Burpees. Okay, I'll be honest - I have known about these for a long time but somehow have avoided ever doing one in real life. I learned tonight they are quite hard. :| Not so much from a physical cardio perspective (they do rip you up if you do a bunch of them tho), but I had a really hard time fluidly combining what seemed like radically different body moves into one. Squat, throw out your legs, do a pushup, get your legs under you, jump straight up, repeat. Ugly. I will need to practice these to get better.

The very first attempt at the class challenge, someone fell off. YAY BURPEES! shouts the entire class (the official Primal Fitness response to being "punished" with burpees). Everyone does five burpees. We try again.

The second attempt fails at the first jump again. YAY BURPEES! Five burpees for everyone. Oddly I am not frustrated at this - I don't even feel the need to turn around to see who fell off. This is unexpected, I thought I would resent the people who fall off but I find instead I welcome the challenge.

The third attempt goes much better - the class lands three consecutive jumps before someone falls off on the fourth. YAY BURPEES! Two sets of burpees later and the trainers have decided we've had enough - no more class challenge, everyone needs to land five jumps on their own that they feel good with.

At this point I landed about 10-12 jumps on my own rapidly, but I kept having issues with the coordination due to the weakness in my quads and they weren't very perfect. I kept trying until I got five I liked, but it was hard (especially since everyone else seemed to finish up much faster and I was not landing a solid fifth). I want to keep this attitude through the class though - I'm not just in it to learn some skills, but to push myself.

That was pretty much it, end of the class. We did about ten minutes of static stretching where I was reminded that even though I feel horribly inflexible compared to the Days of Yore, my body is still apparently more flexible than most - I could barely feel anything doing most of the stretching they led us through, so I sorta started doing my own thing a little bit to make sure I actually stretched appropriately. I did learn some cool new stretching stuff though (or rather, was reminded of stuff I haven't done since high school).
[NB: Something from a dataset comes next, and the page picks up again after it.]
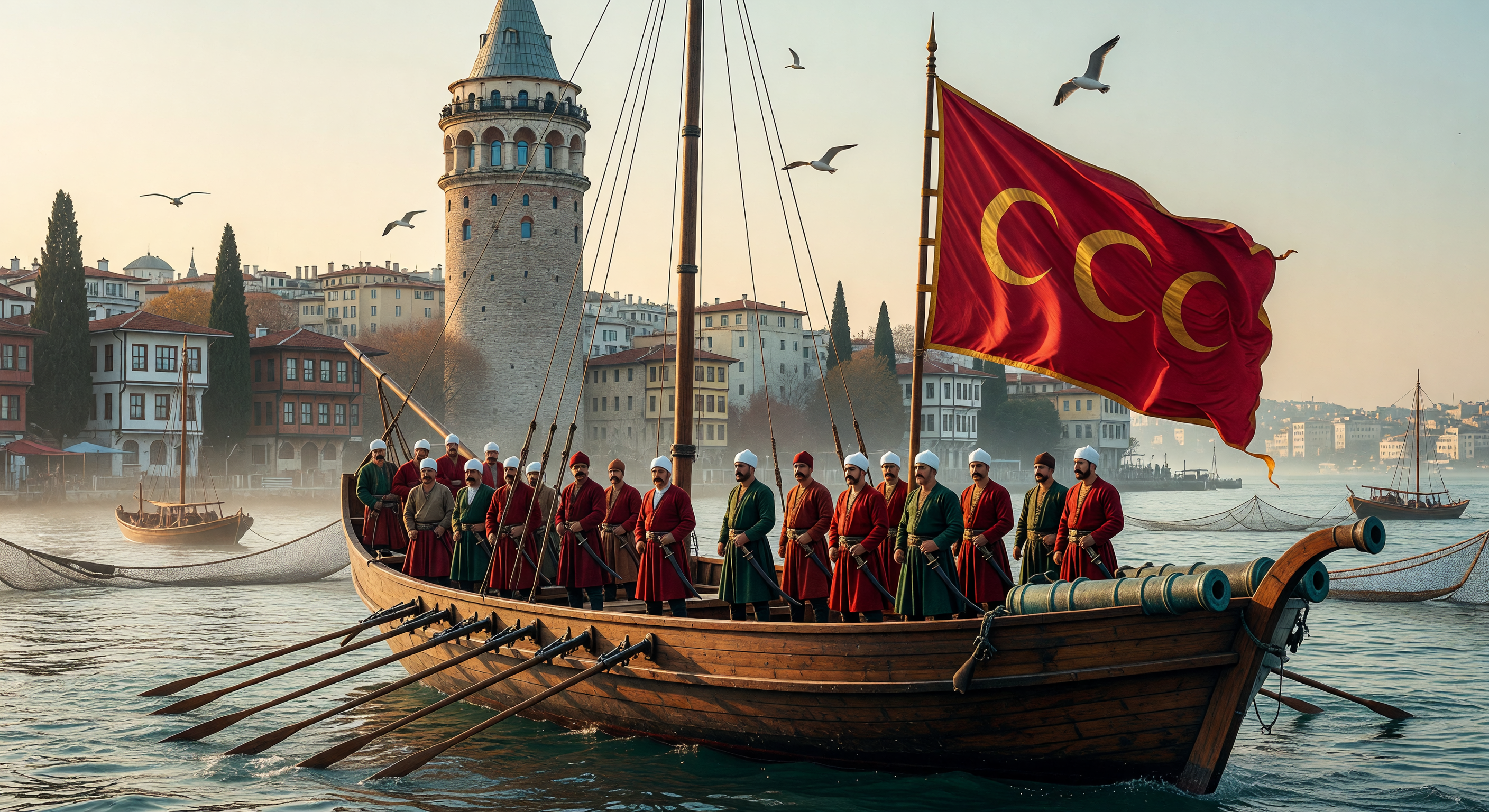 Una esbelta galera *kadirga* de la Armada Otomana surca las aguas del Cuerno de Oro bajo la imponente silueta de la Torre de Gálata, símbolo del dominio imperial en el siglo XVI. En su cubierta, una compañía de jenízaros ataviados con sus distintivos tocados *börk* de fieltro blanco custodian la embarcación, armados con mosquetes y sables *kilij* que reflejan la luz del amanecer. Esta escena captura el esplendor del "Siglo de Oro" otomano, cuando su poderío naval y su sofisticada organización militar convirtieron a Estambul en el epicentro comercial y cultural entre Oriente y Occidente.

After thanking the trainers for the class, we all disbanded pretty quick. I decided to run the 3/4 mile home, and... lol. I was amazing to find that even though I felt fine physically I could barely run, the muscles around my knees were really having a hard time holding my legs, they wanted to give out. I ran about 4-5 blocks at half intensity (a solid run but low speed) and decided it was just too dangerous in the wet. Walked the rest of the way home, then ran up the stairs all 12 floors to the roof to chill out.
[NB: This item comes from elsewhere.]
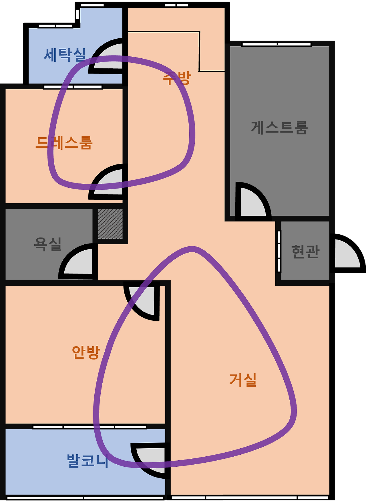 위의 두 사진을 보면 알 수 있듯이 방문이 유일한 출입로인 경우 직선형의 동선이 된다. 동선이 단조로울 뿐 아니라 고양이가 문으로 드나드는 반려인 혹은 다른 반려동물과 마주치면 퇴로가 확보되지 않아 불안감을 느낄 수 있다. 안방과 발코니, 드레스룸과 세탁실은 창문을 통해 퇴로가 확보된다. 게스트룸처럼 막다른 공간의 경우엔 수직공간을 구성하고 오르내릴 곳을 여러 군데 만들면 도움이 된다. 하지만 공간을 드나들 방법은 구조적으로 하나밖에 없다. 고양이 화장실을 발코니 끝 같이 막다른 곳에 두지 않는 이유도 마찬가지다.

It was a very good day - I'm obviously excited about it, as you can tell by the length of this post. I have a strange mix of pride and expectation, as you can also tell. I am definitely proud of my fitness level compared to a few years ago - it might not be as high as it was at peak last summer before I broke my toe, but that class would have completely wrecked me in January '08 and I probably would've hit my physical limit well before my mental limit.

Instead today I hit my mental limit first (my mind telling me to take it easy and not worry about landing that fifth perfect landing at the end of the class) and I pushed right through it - but safely, thank god. (last time I "pushed through it" I ended up with a torn quad, the time before that I torched my knee and couldn't run for a month... somehow it's easier for me to push through true pain than just weakness, I tend to give up at the latter)

At the same time however, I can clearly see how this class is going to massively improve and push my physical and mental limits. My knee strength definitely needs to improve. My core is solid but can improve as well - I could feel it in my core the entire hour. On top of that, I'm going to be pushed repeatedly to the point where my body wants to stop and will be forced to go past it - even if it will be fine thirty seconds later, continuing to push through that instead of just stopping like I normally do will be awesome.